I go through phases of being a magazine hoarder. I like to buy two or three travel magazines at a time, and then don’t buy any for months. That means I’ve got a bit of an archive that I can go back to and start tearing out any relevant features. Of course, a ten-dollar investment for a new magazine that is very destination-specific can be very worthwhile.
I normally like to find curated playlists on Spotify or 8tracks, but that is obviously not the best road-trip plan when it comes to using up your data for streaming. So, this is a decent time to dig up old CD’s or download an album that you’ve been meaning to listen to. Lately for me, that’s been Dream Your Life Away by Vance Joy, Very Good Bad Thing by Mother Mother, and Með suð í eyrum við spilum endalaust by Sigur Rós
Snacks, water, coffee
These things go without saying, but it’s important to pick them up early.

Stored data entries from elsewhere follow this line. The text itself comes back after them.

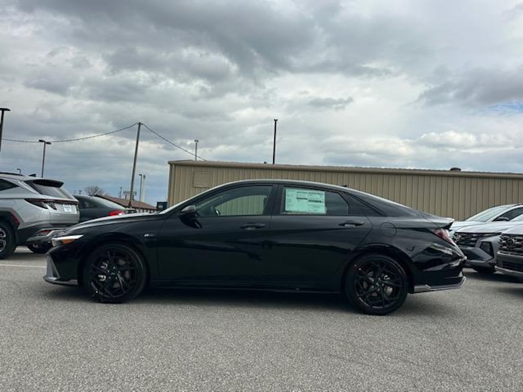 Check out all these great options Option Group 01, 18" x 7.5J Alloy Wheels, 4-Wheel Disc Brakes, 8 Speakers, ABS brakes, Air Conditioning, All-Season Fitted Liners, Alloy wheels, AM/FM radio: SiriusXM, Apple CarPlay & Android Auto, Auto High-beam Headlights, Automatic temperature control, Brake assist, Bumpers: body-color, Cargo Tray, Carpeted Floor Mats, Combination Cloth and Leatherette Seating Surfaces, Delay-off headlights, Driver door bin, Driver vanity mirror, Dual front impact airbags, Dual front side impact airbags, Electronic Stability Control, Emergency communication system: None, Exterior Parking Camera Rear, First Aid Kit, Four wheel independent suspension, Front anti-roll bar, Front Bucket Seats, Front Center Armrest, Front dual zone A/C, Front reading lights, Fully automatic headlights, Heated door mirrors, Heated front seats, Heated Front Sport Bucket Seats, Illuminated entry, Leather Shift Knob, Leather steering wheel, Low tire pressure warning, Navigation System, Occupant sensing airbag, Outside temperature display, Overhead airbag, Overhead console, Panic alarm, Passenger door bin, Passenger vanity mirror, Power door mirrors, Power driver seat, Power moonroof, Power steering, Power windows, Radio: AM/FM/HD/SiriusXM Display Audio, Rear anti-roll bar, Rear seat center armrest, Rear side impact airbag, Rear window defroster, Remote keyless entry, Security system, Speed control, Speed-sensing steering, Split folding rear seat, Spoiler, Sport steering wheel, Steering wheel mounted audio controls, Tachometer, Telescoping steering wheel, Tilt steering wheel, Traction control, Trip computer, Turn signal indicator mirrors, and Variably intermittent wipers. Abyss Black 2026 Hyundai Elantra N Line FWD 7-Speed Dual Clutch DCT I4
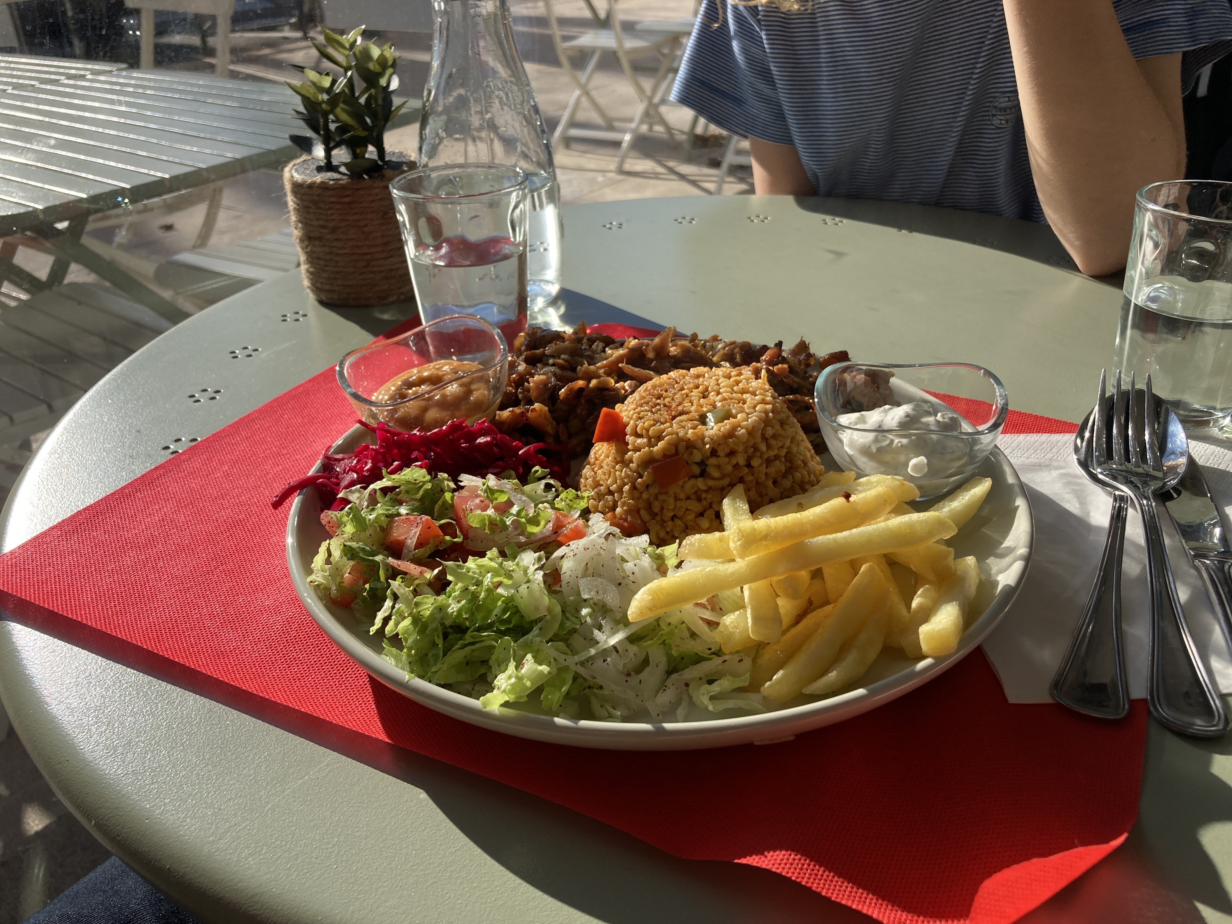Déjeuner sympathique au soleil pour une assiette kebab. La personne qui m a reçu est très discrète gentille et serviable. Très bonne expérience
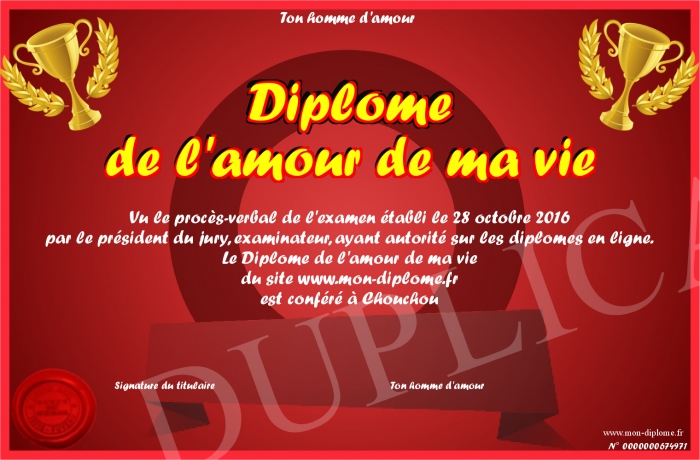 Envoyez par email votre Diplôme de l'amour de ma vie personalisé

Making frequent stops can easily turn a 7-hour drive into a 9-hour drive. And by that time, you really just want to stop and grab a beer somewhere.
The trick with snacks is to pack comfort foods without being too unhealthy. Stick to fruits that don’t need to be washed, like bananas and oranges, and pack some chocolate if you like. Sitting in a car inevitably leads to lots of snacking, so try to pack things that you won’t feel guilty about later.
Not the best option for a sedentary day, but eating at food trucks is a road trip requirement, right?
I like “roughing it” as much as the next person, but I’m not afraid to admit that there are a few products that I use to feel a little more human along the way. Here are a few things to keep within arm’s reach:
- Cleansing wipes (maybe wasteful, but an amazing comfort after a few hours in one spot)
- Dental floss and mouth wash
- Moisturizing lip balm
- Eye drops
What comes to mind when you think of a road trip? Maybe it’s cruising along a coastal highway with the windows down and some good music blaring, maybe it’s a heated game of 20 questions amidst mountainous parkland. Whatever it is, chances are that you are not alone (especially not in the 20 questions scenario…though no judgement). Good company is anyone with a positive attitude that will play along with your games, nod along to the music, and analyze a podcast topic with you along the way. If not, they should at least be someone that you can stand to be stuck in a car with for hours on end.
What are your road trip essentials? Do you travel alone or with friends or family?